L'humanité avait découvert sa fontaine de jouvence.
L'année 2037, durant laquelle l'existence du traitement fut publiquement divulguée, avait une saveur de triomphe incomparable.


Cent ans plus tard, un jubilé célébrait cette victoire.

Cent ans que l'humanité avait vaincu la mort naturelle. La vieillesse n'existait plus. La plupart des maladies, qu'elles fussent génétiques, bactériennes ou virales, appartenaient au passé. L'homme le plus âgé au monde pouvait se vanter de cent quatre-vingt-deux années d'existence. Richissime lors de la Libération, il avait été l'un des premiers à en bénéficier. Petit à petit, la régénération de son corps l'avait plus ou moins rajeuni. Il faisait tout de même partie de ces pionniers au physique hors norme et inquiétant, mélange de vieillesse et de cure de jouvence. Le processus ne pouvait pas régénérer le corps en tout point.

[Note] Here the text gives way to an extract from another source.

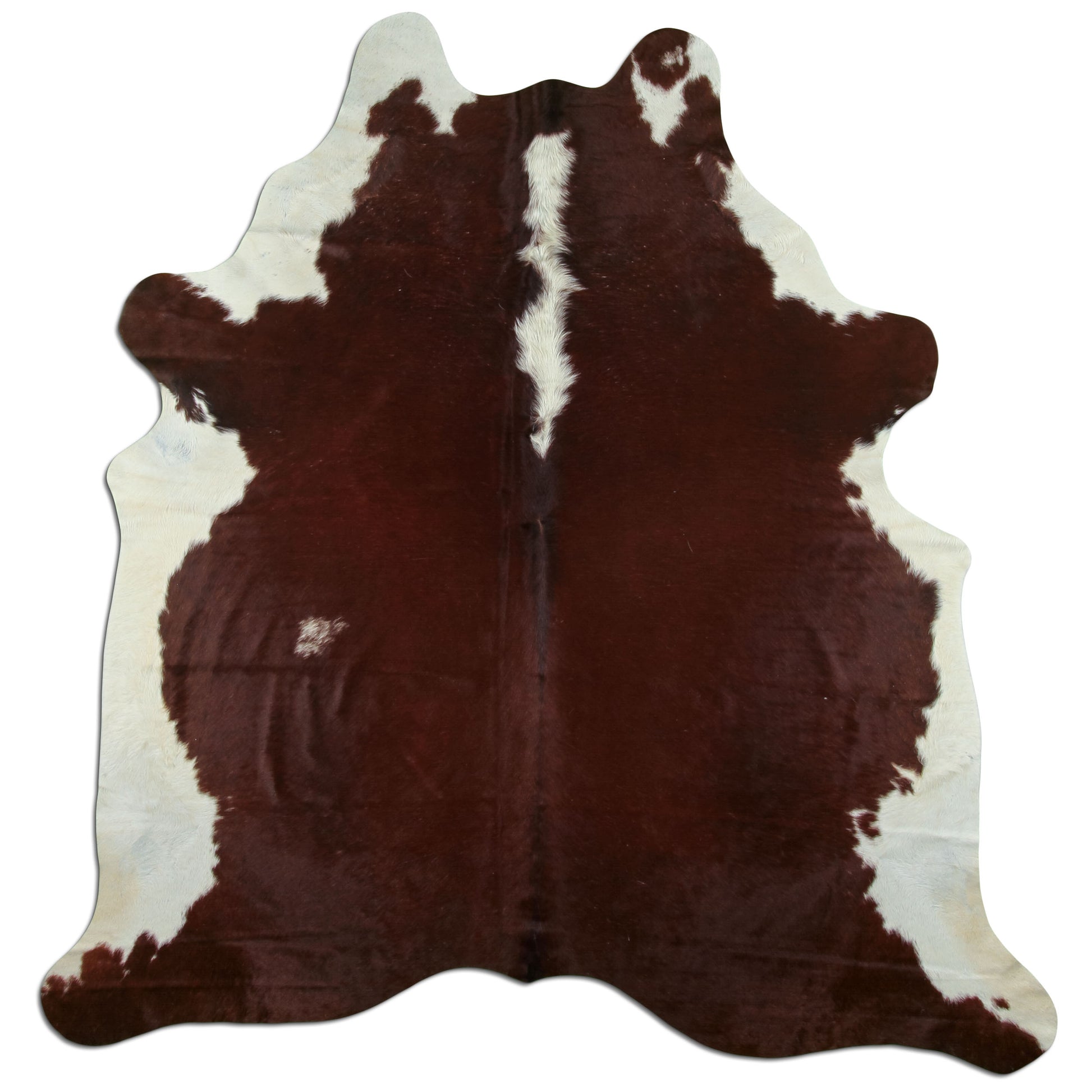 Dieses Fell verbindet dunkles Rotbraun mit ausdrucksstarken weißen Partien und eignet sich ideal als charakterstarker Blickfang in modernen oder rustikalen Räumen.

Ceux qui par contre avaient trente ans ou moins à l'époque avaient pu maintenir leur apparence intacte. Et bien sûr, tous les humains nés depuis n'avaient aucun problème de ce genre et se stabilisaient physiquement autour de leur vingt-quatrième année.


L'homme le plus âgé était « l'un » des premiers à bénéficier de la Libération, oui. Non pas le premier, car celui-ci, surnommé par la presse « Nouvel Adam », avait été assassiné seulement trois ans après l'acquisition de son éternelle jeunesse, alors que les effets de sa régénération commençaient à se montrer visibles. La nouvelle fit scandale dans le monde entier. Le choc était terrible.

Bien sûr, on n'avait pas encore pu constater une longévité hors norme chez ce Nouvel Adam. Toutefois, son visage rajeuni, et surtout l'immense effet d'annonce de la Libération, assorti d'une masse impressionnante d'études scientifiques confirmant la réussite du processus sur une multitude d'animaux, avaient suffi à convaincre l'immense majorité des gens que la mort était enfin vaincue.


Et cette majorité avait raison.

A un détail près, toutefois, la mort naturelle était vaincue, mais clairement pas la mort dans son étendue absolue. On avait recours aux robots pour les tâches les plus ingrates et dangereuses, mais les accidents et les crimes restaient possibles, et plus effrayants que jamais.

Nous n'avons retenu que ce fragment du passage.